周囲は一転してルーデンドルフを相手にしなくなり1918年10月26日辞任しテロを恐れスウエーデンに亡命した。1919年2月ベルリンに戻り超国家主義者と交わり、1920年3月カップ一揆の際も首謀者を支持したという。1923年にはヒトラーのミュンヘン一揆に参加した。1925年ナチス党(NSDAP)から大統領選に出馬し惨敗した。

その後数年たたずしてヒトラーと対立し、NSDAPとの関係を断った。後妻のマチルダと連名で、「反ユダヤ・反教皇・反ジェズイット・反フリーメーソン」の意味不明な政治的スローガンを叫び続けた。それでもヒトラーの台頭に危機感を抱き、ヒンデンブルグにヒトラーの危険性について意見するが、もはや聞き入られることはなかった。

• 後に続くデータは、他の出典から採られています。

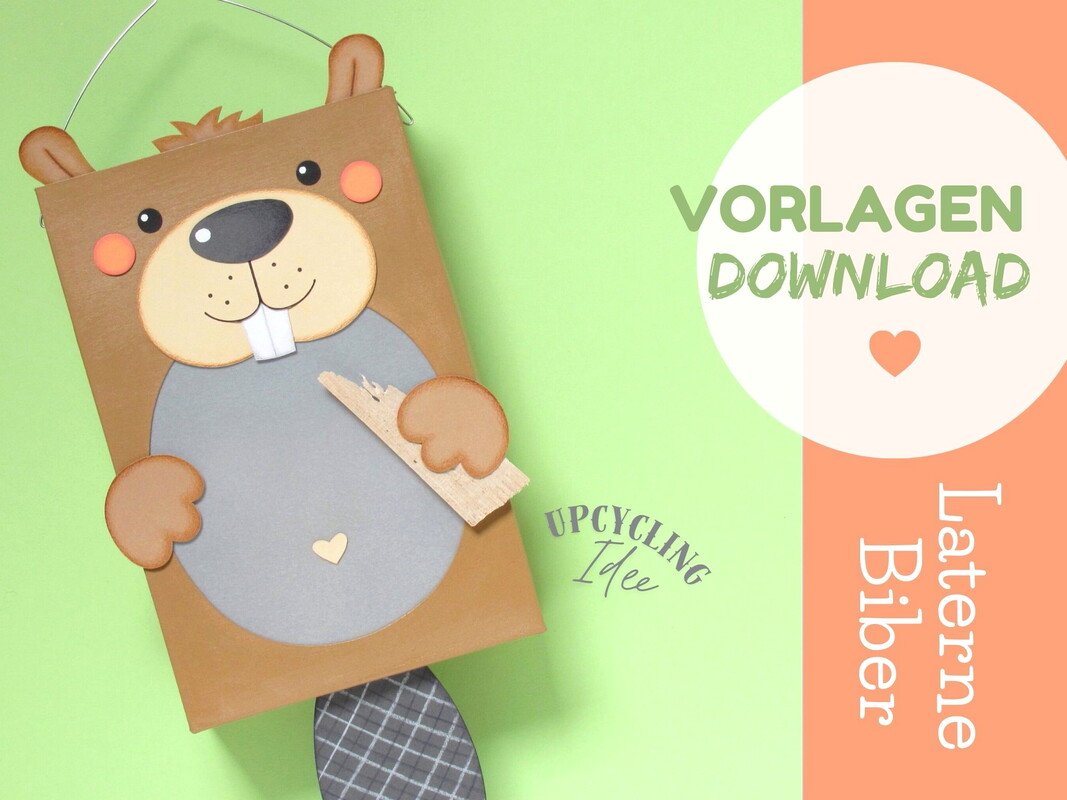 Tolle Upcycling-Idee für deine Müslischachtel: Martinslaterne Biber für St. Martin, Laternenfeste und Laternenumzüge. Im Sofort-Download mit allen Vorlagen sowie ausführlicher Anleitung in deutscher Sprache findest du alles zum Herstellen der süssen Biberlaterne. Eine ideale Laterne für kleinere Kinder.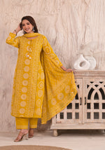 Embrace the warmth and joy of the winter festive season with this stunning mustard yellow suit set from The navra. Crafted from premium, breathable cotton, this ensemble is perfectly comfortable for all-day celebrations and cozy at-home gatherings. The A-line kurta features an authentic, all-over Jaipuri Bandhani-inspired print, arranged in elegant vertical panels that create a flattering silhouette.

ルーデンドルフの作戦指導とくに兵力の展開については瞠目に値するし、また下部への権限委譲・新戦術の取り入れ・攻勢タイミングの取り方も優秀だろう。しかしその一段上の外交や国内政治となると全くできなかった。結局シビリアンコントロールの下では優秀な軍人だった可能性はある。

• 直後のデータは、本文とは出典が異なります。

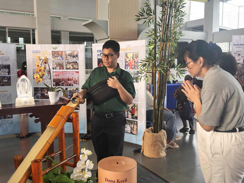 Berbeda dari tahun-tahun sebelumnya, Pemberkahan Akhir Tahun 2025 turut dilengkapi dengan kehadiran Stand Misi Tzu Chi yang memperkenalkan berbagai kegiatan dan membuka kesempatan bagi tamu untuk bergabung sebagai relawan.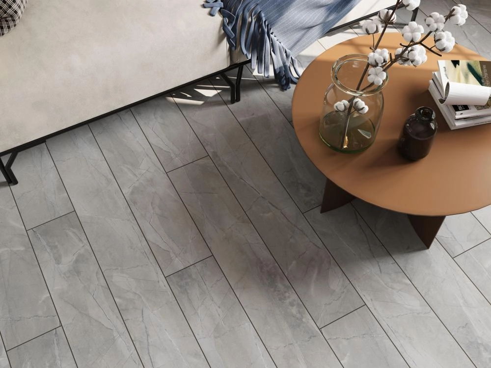 Благодаря широкому формату планок (1292×246 мм), пол визуально расширяет пространство, делая любую комнату более светлой и просторной. Четырехсторонняя фаска аккуратно подчеркивает каждую доску, создавая эффект укладки натуральными каменными плитами и придавая полу дополнительный объем и глубину.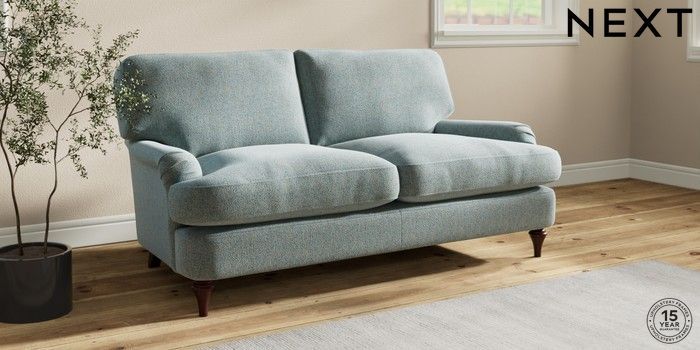 7.0.3 Buy Sadie Deep Relaxed Sit 2 Seater Sofa Chunky Marl Mid Blue High Slim Turned - Dark Brown from the Next UK online shop Click here to use our accessible website
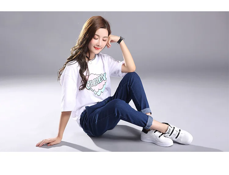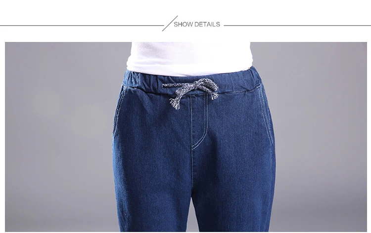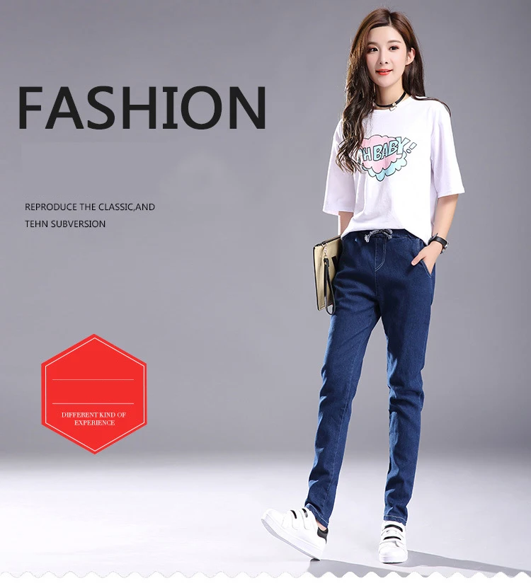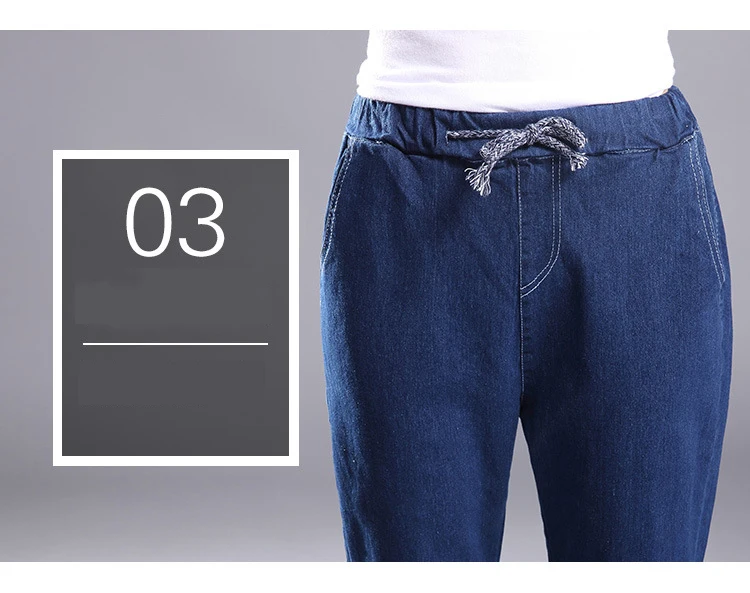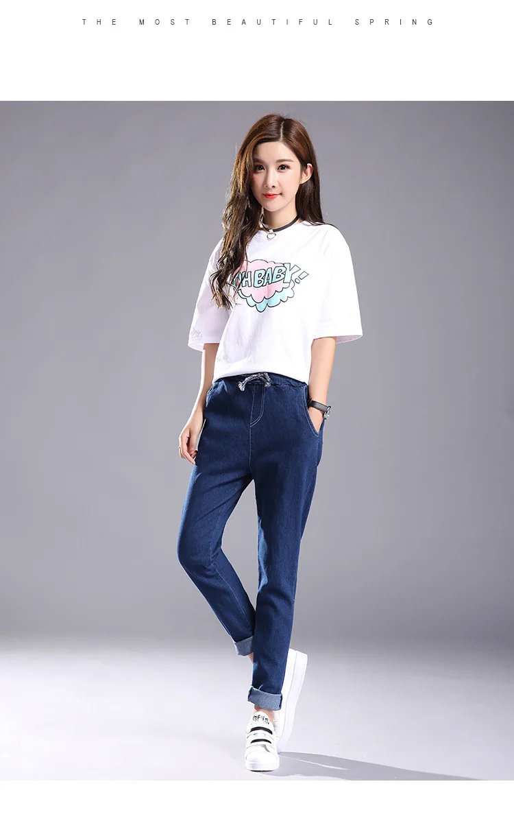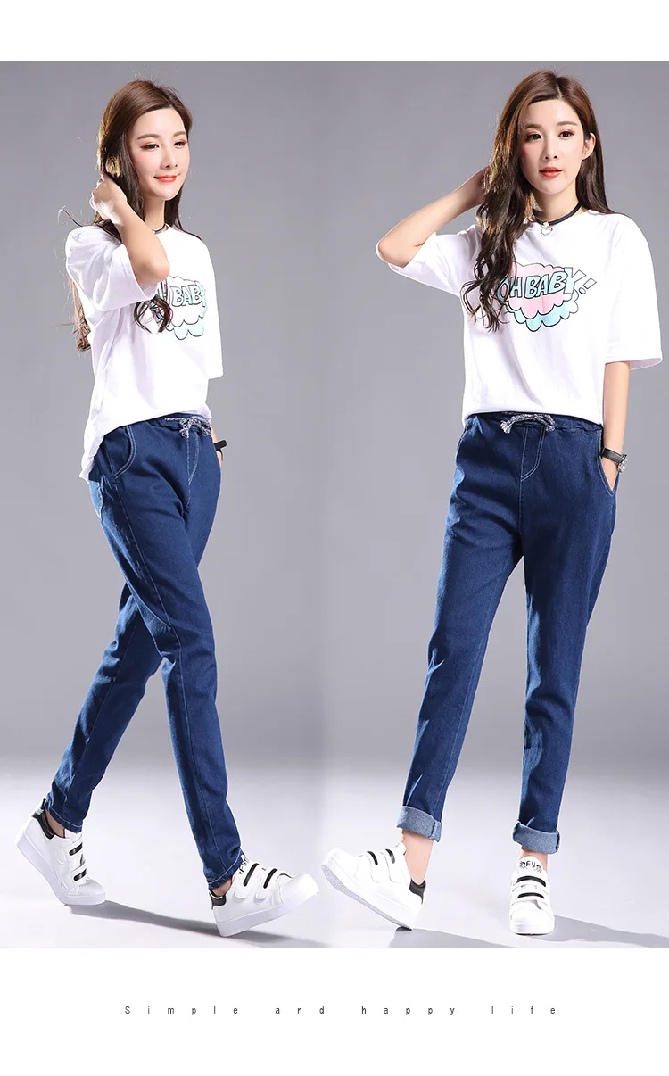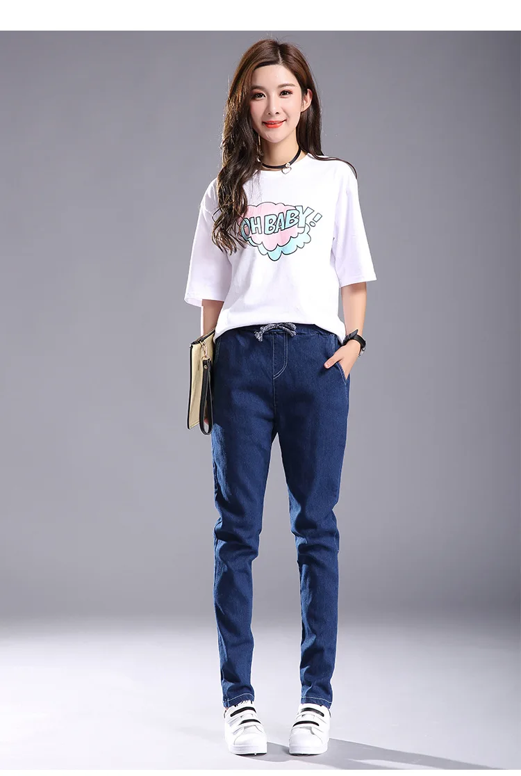 Women 2018 High Waist Jeans Elastic Femme New Fashion Cuffs Washed Blue Denim Loose Harem Jeans Classic Pencil Pants for Summer

しかし総力戦(政治にたいする作戦の優位を説く=戦勝となれば政治上の問題は全て解決する。)を主張するなど、シビリアンコントロールを最も嫌ったようだ。それでも1918年9月の時点で勝利が不可能なことを悟りそれまでの政敵にすら妥協して、国益を守ろうとした態度は官僚として最後の一線は守ったと評すべきだろう。ただこの時ドイツが勝利は絶望であるにしても1917年末と差はないことも留意すべきだろう。結局米英を敵にまわし日本もその先に構えられては見込みはない。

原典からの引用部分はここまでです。